Friday, February 20, 2015

Creating One-Dimensional Villains - in real life and in fiction

I've been fascinated, lately, by reports of public shaming of one sort or another. Several months ago, the Vanity Fair article on Monica Lewinsky....

Be honest: when you read her name, did you Boo and Hiss? Even a little? Just about everyone does. I sure did. I read it, in large part, because of her infamy, and with a doubtful, gleeful eye toward what she could possibly say to redeem herself. It brought me to tears. Tears for her shame and tears for my shame that I was a tiny, crowd-follower part of it.

Monica Lewinsky's very name is synonymous with Every Awful Thing. And, of course, we all have Very Good Reasons for this. After all, she had sexual relations with a married man, didn't she? And not just any married man, oh, no: The President of the United States... who managed to come out of their affair relatively unscathed. When you mention Bill Clinton, it's bad form to connect him to That Woman, lest his wife - the possible Future Ms. President - be humiliated by the reference.

I'm not going to waste a lot of space, here, going on about how completely asinine that imbalance is. I'm not going to expound at length on the relative severity of misconduct in an affair between a young single girl who falls in love with her boss and the married powerful boss who has made promises to love and to cleave and to not sexually or romantically tempt his interns. I'm not going to detail my personal experience that tells me that the other woman is vastly less blameworthy than the oath-breaker husband.

All of that is irrelevant to the real point: in a few months of public outrage, we as a nation turned a well-rounded, talented young woman with a bright future into a one-dimensional villain. A hiss and a byword and the butt of late-night jokes.  We stripped her of the right to have good qualities because her one bad choice was forever going to trump any good quality she might try to muster.

Shame on us.

Now there is a new article about public shaming in the New York Times, and the author has a whole book coming, appropriately entitled So You've Been Publicly Shamed (available for pre-order). In the article (and, presumably, the book, from which the article is excerpted), the author details his experiences with others who were publicly shamed for relatively minor things--like a really bad joke taken out of context and spread throughout the world to the glee of trolls everywhere.

Last week at LTUE, I sat on a couple panels where I got to talk about my decade as a Public Defender. One comment I made more than once was that, when you're building a villain, you really must give him good qualities, too. Genuine ones, that any reader would relate to. I've sat across from murderers and rapists and drug dealers and all manner of society-defined Bad People, and there is hardly a one of them I didn't laugh with. Very, very few of them who didn't have family and friends in their corner, ready to stand up and swear in court that this defendant was, actually, a good person, despite the bad thing he'd done. They are fathers who love their children, mothers who will drop everything to help a friend in need, daughters and brothers and the truest of friends to someone.

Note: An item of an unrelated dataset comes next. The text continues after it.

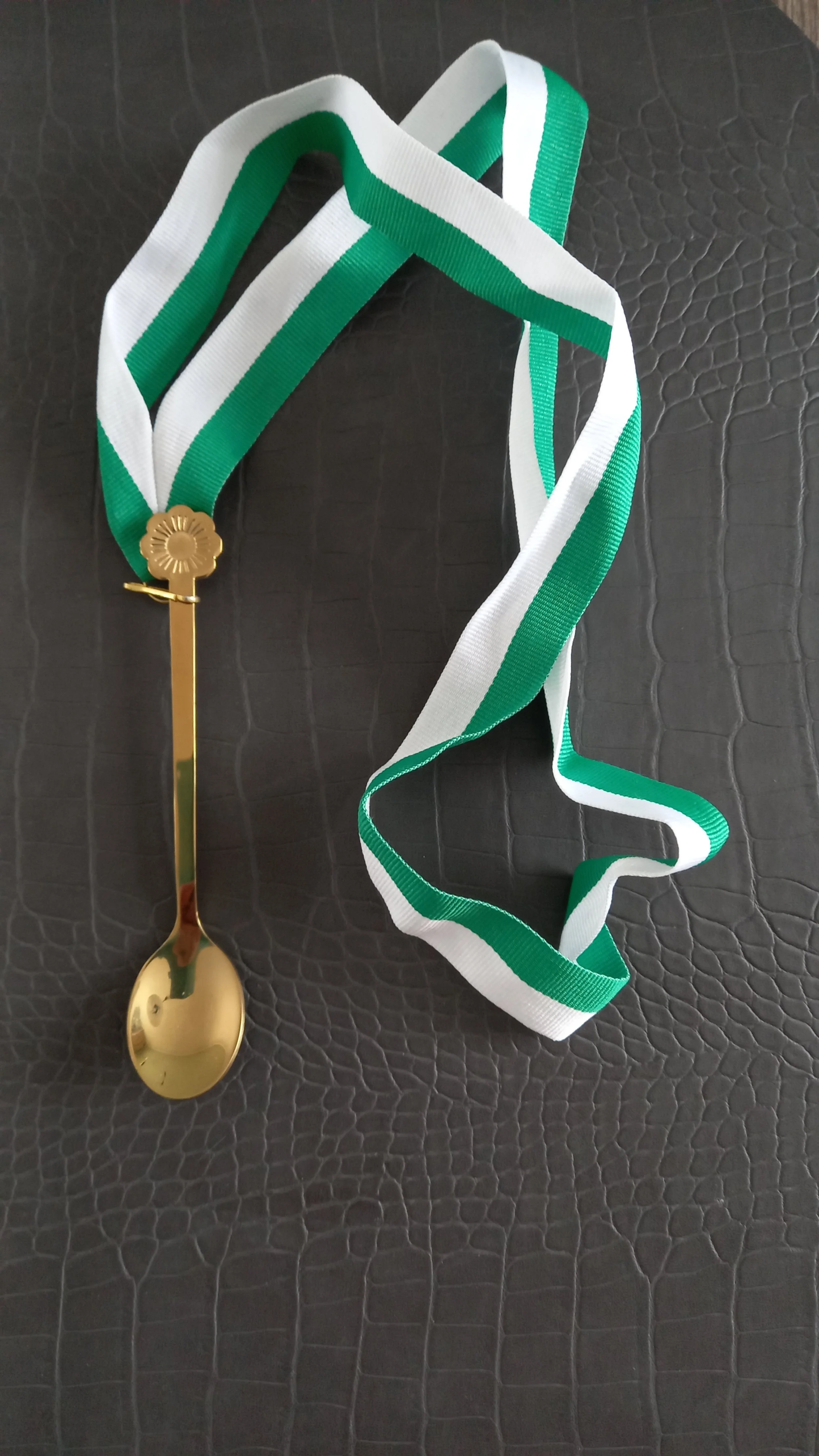 De met goud vergulde, dessert lepel, clubkleuren Sjerp, helemaal top > Proficiat: Baudy - Bryan - Johan

And, yet, we as a society want to define everyone by their worst trait and stop the definition there. We don't want to look past that to the goodness that is always present. We bemoan our history of placing scarlet letters on offenders while gleefully slapping digital and rumor-driven red letters everywhere we look.

It's devastating in real life, and awfully boring in fiction. Mustache-twirling, top-hat wearing, love-to-be-eeeviiil villains are the stuff of melodrama. The kind we got off on in grade school. If we're going to grow up as writers or as a society, we need to be better than that.

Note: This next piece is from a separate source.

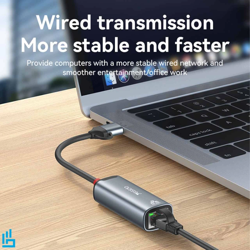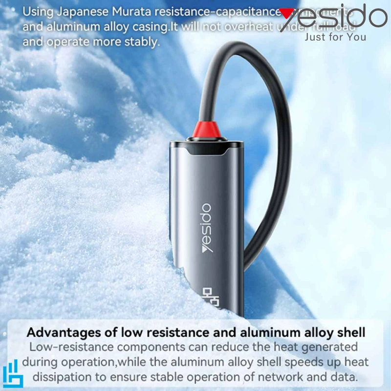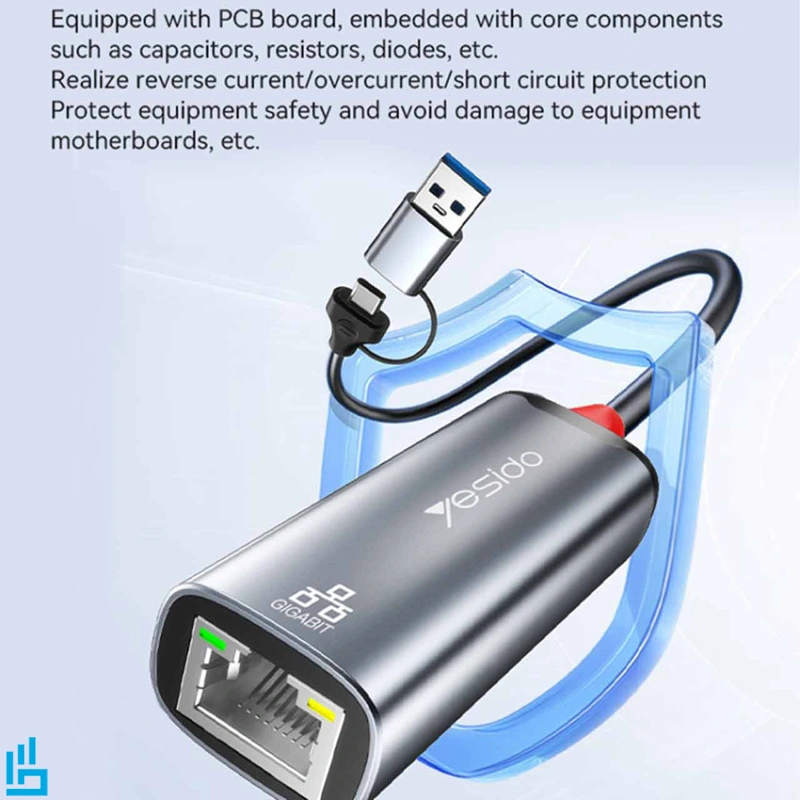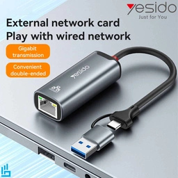 تبدیل Yesido HB26 یک محصول با طراحی کاربرپسند است که امکان اتصال شبکه از طریق درگاه LAN را به انواع دستگاهها با پورتهای USB 3.0 و Type-C فراهم میکند. این محصول با طول کابل 20 سانتیمتری و روکش پلاستیکی ABS مقاوم، تجربهای راحت و ایمن از استفاده را ارائه میدهد. روکش کابل به گونهای طراحی شده که در برابر کشش، خمیدگی و پارگی مقاوم است و عمر طولانیتری به آن میدهد. بدنه این تبدیل از فلز مقاوم ساخته شده است که در برابر ضربه و فشار احتمالی مقاوم بوده و میتواند شرایط مختلف محیطی را به خوبی تحمل کند.

There are some few troll-chased "villains" who are able to fight back, like my friend Larry Correia, who eventually dubbed himself the International Lord of Hate as a hilarious counter-punch to those who called him everything from a racist to a homophobe. Those who, like Larry, are firmly established on their public platforms with thousands of loyal followers are practically immune to public shaming. The shaming and thick-skin-building process may still hurt at first, but these few manage to eventually almost thrive on attempts to shame them.

Most of us aren't that famous. Most of us don't have hoards of people waiting to build us back up when someone tries to knock us down. Most of us have armies of supporters that are woefully outnumbered when the Society Hive-Mind decides we are Bad People. Most of us wouldn't survive our 15 minutes of infamy if our worst Bad Thing were ever made public.

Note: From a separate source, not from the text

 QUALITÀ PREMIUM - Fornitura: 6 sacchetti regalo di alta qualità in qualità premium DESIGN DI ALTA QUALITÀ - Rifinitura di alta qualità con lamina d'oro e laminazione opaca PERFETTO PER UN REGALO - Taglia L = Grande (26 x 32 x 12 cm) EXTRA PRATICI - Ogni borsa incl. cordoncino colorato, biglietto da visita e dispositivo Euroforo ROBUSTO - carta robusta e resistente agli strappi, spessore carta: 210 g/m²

Plenty enough lives have been destroyed by tiny black marks multiplied hundreds of thousands of times. We've had enough of the pillories and stocks and scarlet letters that deprive us all of the good that our fellow flawed humans might have done if only we'd let them.

Plenty enough fictional villains have perpetuated the fallacy that being bad definitionally excludes all goodness. We've had enough mustache-twirling and evil-for-the-sake-of-evil and antagonists that no good person will ever understand.

Let's grow up, huh? Let's fight badness by empowering "bad" people to slay their own dragons. Let's call off the wasted-earth nuclear air strikes that get launched every time someone makes a hurtful comment. Let's acknowledge that even people who hurt us badly can have qualities that any unbiased person would see as good.

Why do you think we're so addicted to the culture of shame?